Dataset items

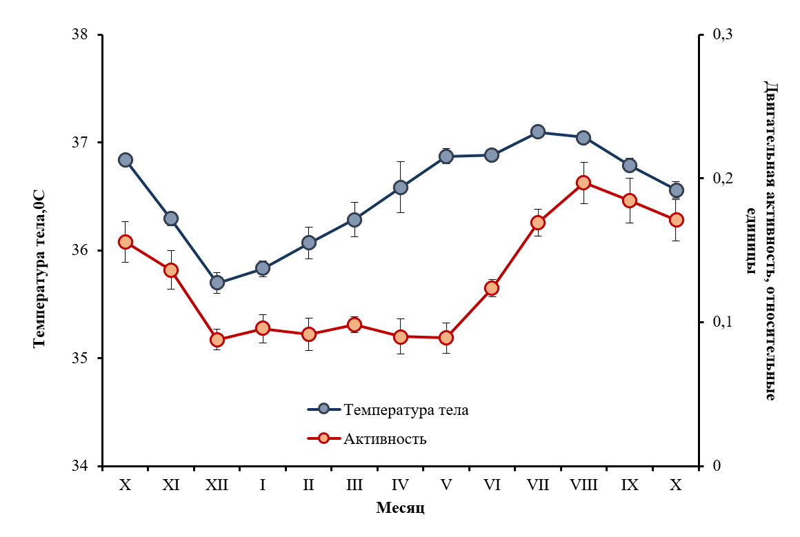 Рисунок. Динамика температуры тела и двигательной активности  у обыкновенной слепушонки в разные месяцы года.
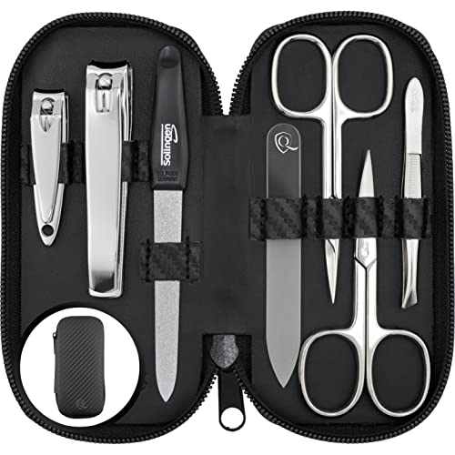 marQus manikyrset för damer och herrar Solingen Tillverkat i Tyskland 7 delar med patenterad glasfil för hand- och fotvård - läderimitationsfodral med karbonlook
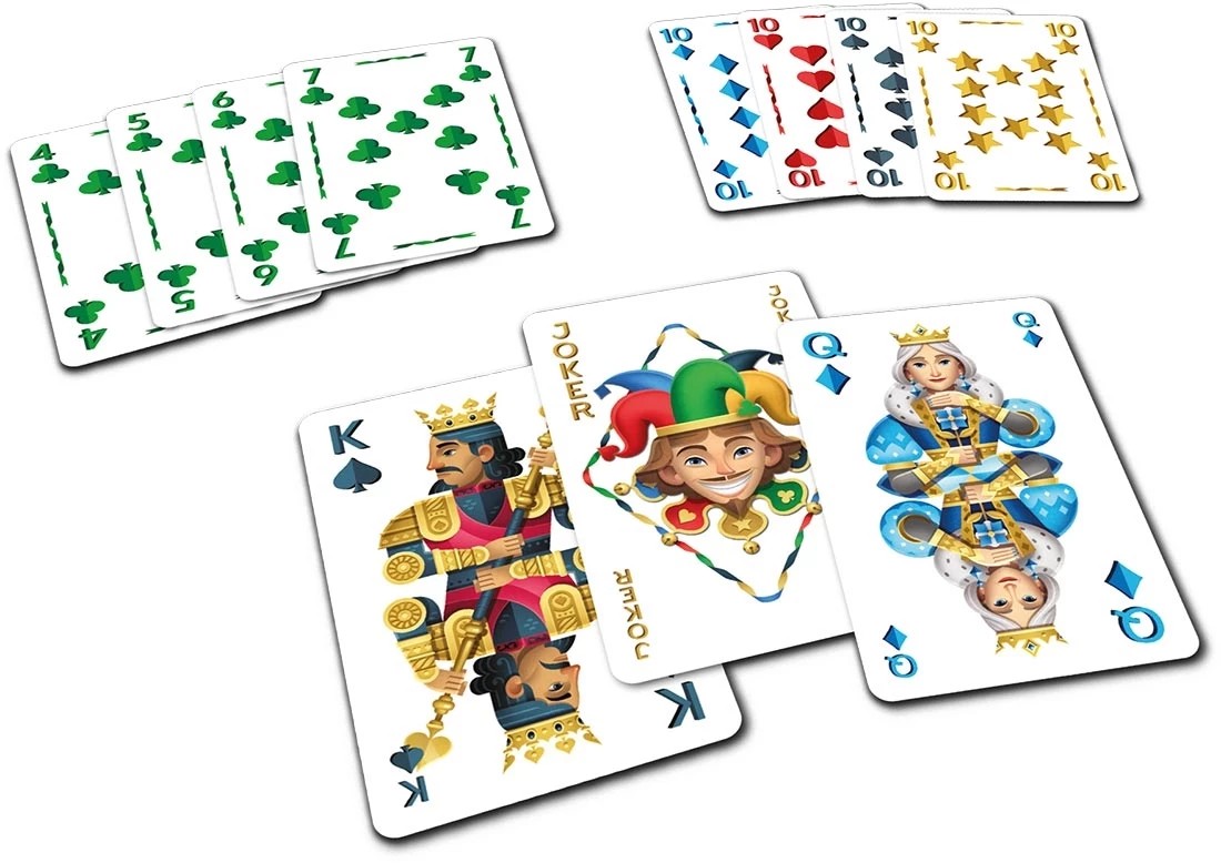 Les Cinq Rois est un jeu de cartes inspiré du Rami avec 5 couleurs et une bonne dose de malice en plus ! Les 5 couleurs : pique, coeur, carreau, trèfle et étoile permettent de faciliter l’arrangement de votre main en suite ou en famille. Au fur et à mesure des manches, les joueurs joueront avec une carte de plus et l’atout changera en fonction : si le tour est joué avec 5 cartes, l’atout pour cette manche sera le 5… Faites les bonnes combinaisons pour vous débarrasser en premier de vos cartes et pour marquer manche après manche le moins de points possible. Un jeu universel et simple pour lequel on enchaîne les parties avec plaisir !
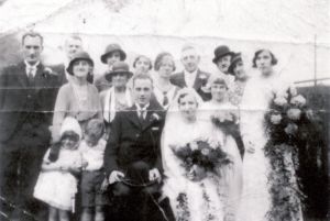 On the original it is hard to tell whether the groom is standing or sitting but on lightening the picture I found that he is sitting with a bowler hat on his knee.
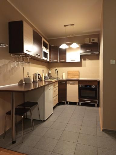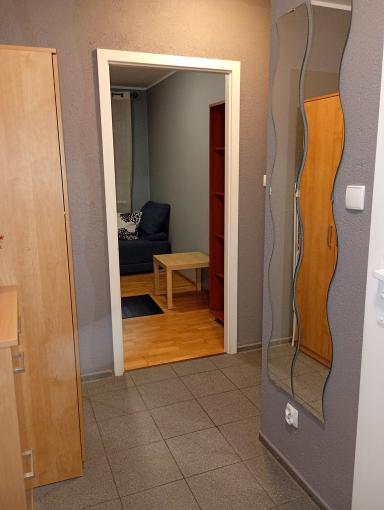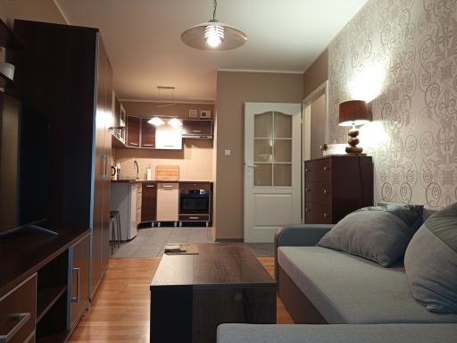 Mieszkanie składa się z: pokoju dziennego z wyjściem na balkon (7 mkw), sypialni od strony zachodniej, kuchni w aneksie, łazienki z kabiną prysznicową. Bezpieczne, zielone i spokojne miejsce, oddalone od głównej ulicy. Niskie koszty utrzymania, czynsz 450 zł/miesiąc (w tym ogrzewanie miejskie oraz zaliczka na wodę).

_YOUR GOAL_.
Copy out every entry above, character for character, excluding pictures.

_EXERCISE ANSWER_.
 Рисунок. Динамика температуры тела и двигательной активности  у обыкновенной слепушонки в разные месяцы года.
 marQus manikyrset för damer och herrar Solingen Tillverkat i Tyskland 7 delar med patenterad glasfil för hand- och fotvård - läderimitationsfodral med karbonlook
 Les Cinq Rois est un jeu de cartes inspiré du Rami avec 5 couleurs et une bonne dose de malice en plus ! Les 5 couleurs : pique, coeur, carreau, trèfle et étoile permettent de faciliter l’arrangement de votre main en suite ou en famille. Au fur et à mesure des manches, les joueurs joueront avec une carte de plus et l’atout changera en fonction : si le tour est joué avec 5 cartes, l’atout pour cette manche sera le 5… Faites les bonnes combinaisons pour vous débarrasser en premier de vos cartes et pour marquer manche après manche le moins de points possible. Un jeu universel et simple pour lequel on enchaîne les parties avec plaisir !
 On the original it is hard to tell whether the groom is standing or sitting but on lightening the picture I found that he is sitting with a bowler hat on his knee.
 Mieszkanie składa się z: pokoju dziennego z wyjściem na balkon (7 mkw), sypialni od strony zachodniej, kuchni w aneksie, łazienki z kabiną prysznicową. Bezpieczne, zielone i spokojne miejsce, oddalone od głównej ulicy. Niskie koszty utrzymania, czynsz 450 zł/miesiąc (w tym ogrzewanie miejskie oraz zaliczka na wodę).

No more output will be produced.